REQUIRED WORK
Omit the images. Copy each entry word for word.

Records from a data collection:
_ _ _ _
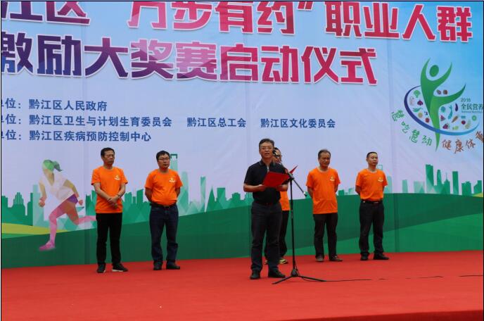 为提升慢性病综合防控示范区建设水平,提高职业人群身体素质,响应国家《健康中国2030》计划。5月9日,黔江区2018年“万步有约”职业人群健走激励大奖赛启动仪式及全民营养周宣传活动在武陵文化广场举行。副区长谢承刚、区总工党组书记张毓亮、区文化委副主任高续进、区卫计委正处级领导郑泽荣 、卫计委副主任林开进、区疾控中心主任崔一敏以及来自41个单位的35支队伍参与启动仪式。
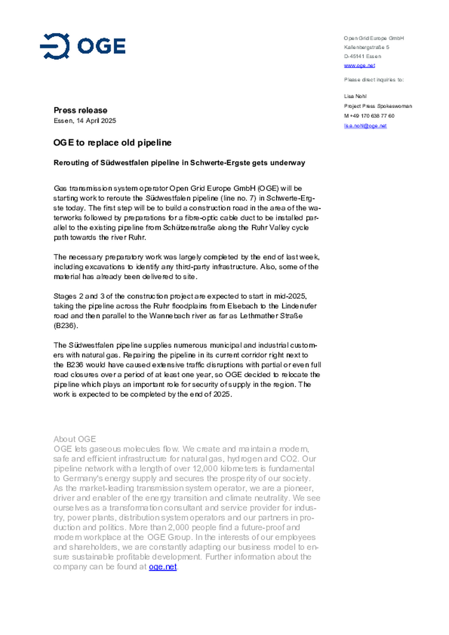 OGE to replace old pipeline
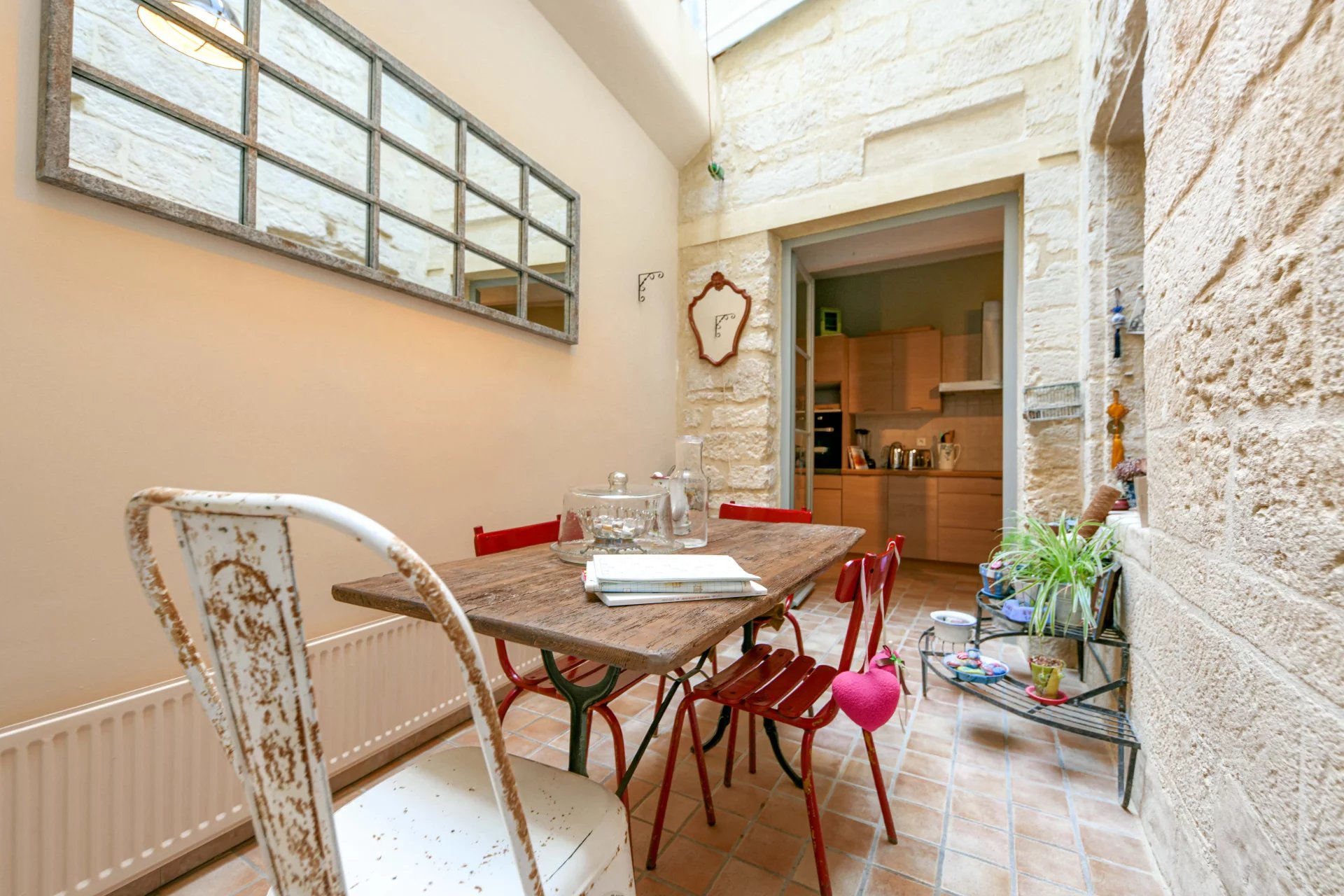 Cuisine équipée ouverte sur patio couvert et chauffée
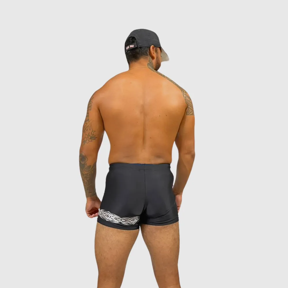 Shorty de bain homme noir avec bande graphique – maillot de bain homme moderne et ajusté
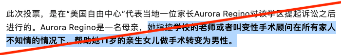 仔细一看,原报道全文没有任何涉及到“手术”的用词。“顾问给学生做手术变性”这个说法纯粹是微信公众号捏造的。根据美国自由中心描述这起案件使用的措辞,学校顾问给雷吉诺的女儿采用“社会性转变”(socially transition),即比如学生在学校可以使用新的名字和新的人称代词。此案根本不涉及“手术”,也不存在有任何医学上的性别转换治疗。
_ _ _ _
REPLY TO THE TASK
 为提升慢性病综合防控示范区建设水平,提高职业人群身体素质,响应国家《健康中国2030》计划。5月9日,黔江区2018年“万步有约”职业人群健走激励大奖赛启动仪式及全民营养周宣传活动在武陵文化广场举行。副区长谢承刚、区总工党组书记张毓亮、区文化委副主任高续进、区卫计委正处级领导郑泽荣 、卫计委副主任林开进、区疾控中心主任崔一敏以及来自41个单位的35支队伍参与启动仪式。
 OGE to replace old pipeline
 Cuisine équipée ouverte sur patio couvert et chauffée
 Shorty de bain homme noir avec bande graphique – maillot de bain homme moderne et ajusté
 仔细一看,原报道全文没有任何涉及到“手术”的用词。“顾问给学生做手术变性”这个说法纯粹是微信公众号捏造的。根据美国自由中心描述这起案件使用的措辞,学校顾问给雷吉诺的女儿采用“社会性转变”(socially transition),即比如学生在学校可以使用新的名字和新的人称代词。此案根本不涉及“手术”,也不存在有任何医学上的性别转换治疗。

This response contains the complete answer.